## HOW TO COMPLETE THIS TASK
Skip the pictures. Quote every line below, exactly, from the one with "Isang ginang ang" through the final line.

** Opening INFORMATION SUPPLIED block **

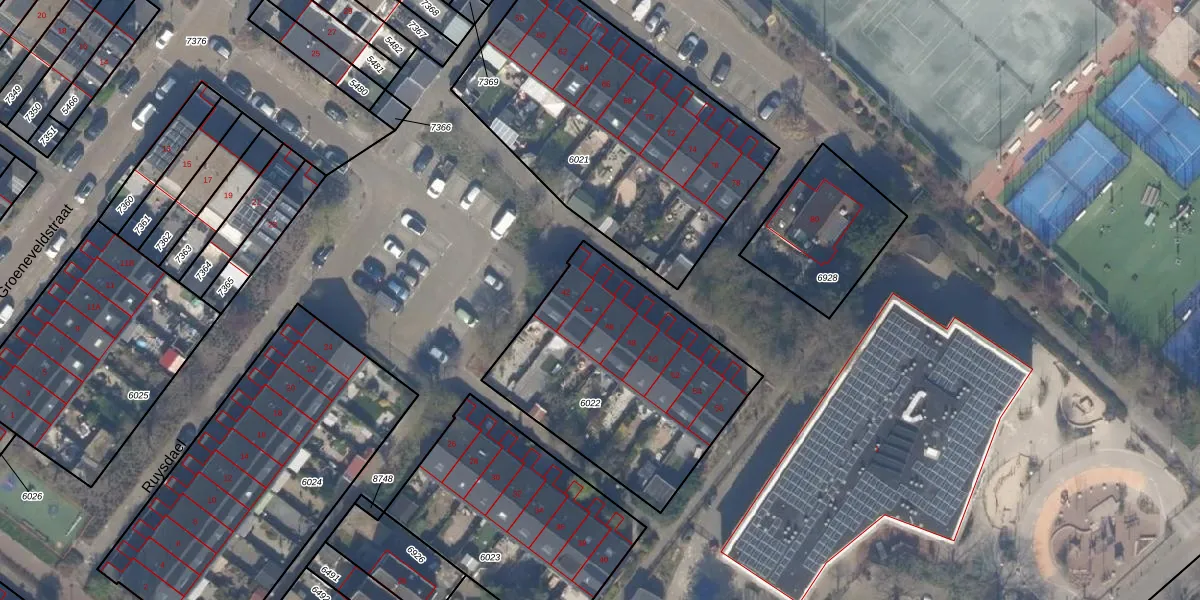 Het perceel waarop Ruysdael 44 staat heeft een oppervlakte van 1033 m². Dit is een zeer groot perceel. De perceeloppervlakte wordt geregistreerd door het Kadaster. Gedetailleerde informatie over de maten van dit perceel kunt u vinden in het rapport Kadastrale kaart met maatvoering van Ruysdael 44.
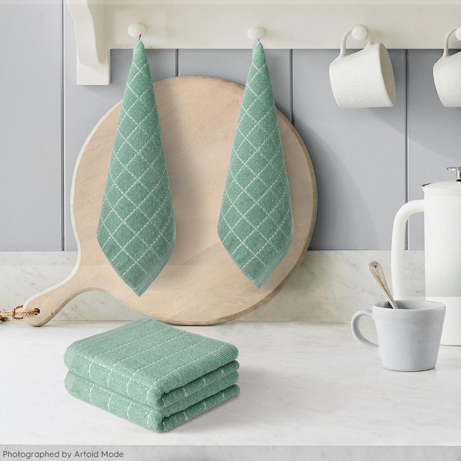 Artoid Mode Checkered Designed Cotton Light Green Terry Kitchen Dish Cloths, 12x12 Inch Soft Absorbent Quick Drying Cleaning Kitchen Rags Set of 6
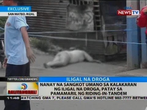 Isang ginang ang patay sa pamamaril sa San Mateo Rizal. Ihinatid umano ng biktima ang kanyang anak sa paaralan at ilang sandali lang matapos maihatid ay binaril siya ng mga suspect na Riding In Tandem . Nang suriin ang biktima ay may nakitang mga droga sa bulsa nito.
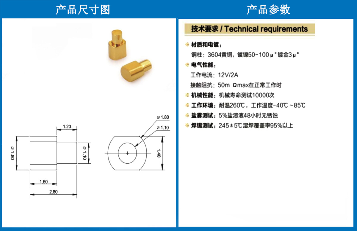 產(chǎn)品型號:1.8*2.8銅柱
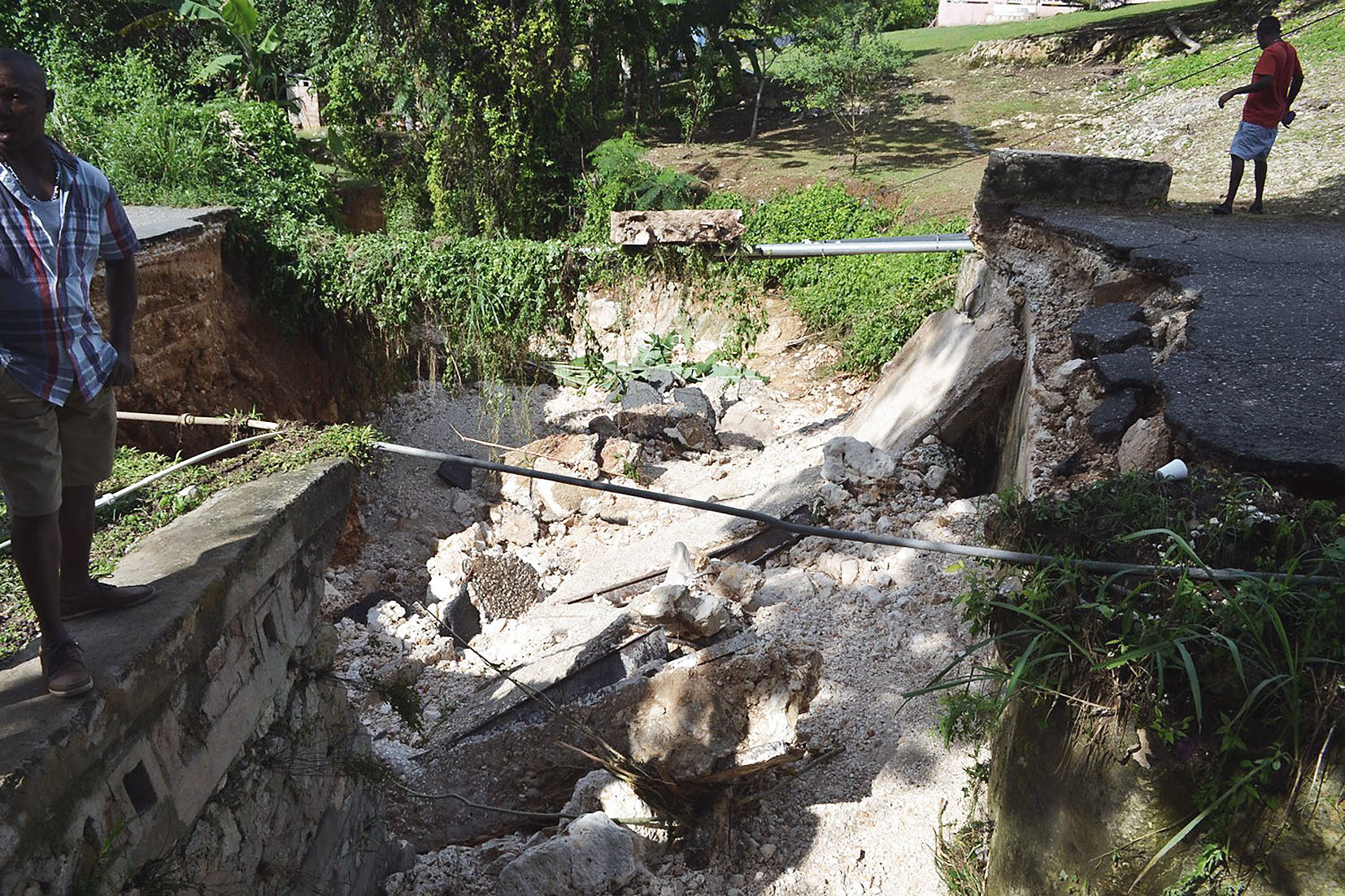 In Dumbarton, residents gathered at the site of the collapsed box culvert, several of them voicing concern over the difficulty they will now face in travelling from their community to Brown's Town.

** Closing INFORMATION SUPPLIED block **

## TASK ANSWER
 Isang ginang ang patay sa pamamaril sa San Mateo Rizal. Ihinatid umano ng biktima ang kanyang anak sa paaralan at ilang sandali lang matapos maihatid ay binaril siya ng mga suspect na Riding In Tandem . Nang suriin ang biktima ay may nakitang mga droga sa bulsa nito.
 產(chǎn)品型號:1.8*2.8銅柱
 In Dumbarton, residents gathered at the site of the collapsed box culvert, several of them voicing concern over the difficulty they will now face in travelling from their community to Brown's Town.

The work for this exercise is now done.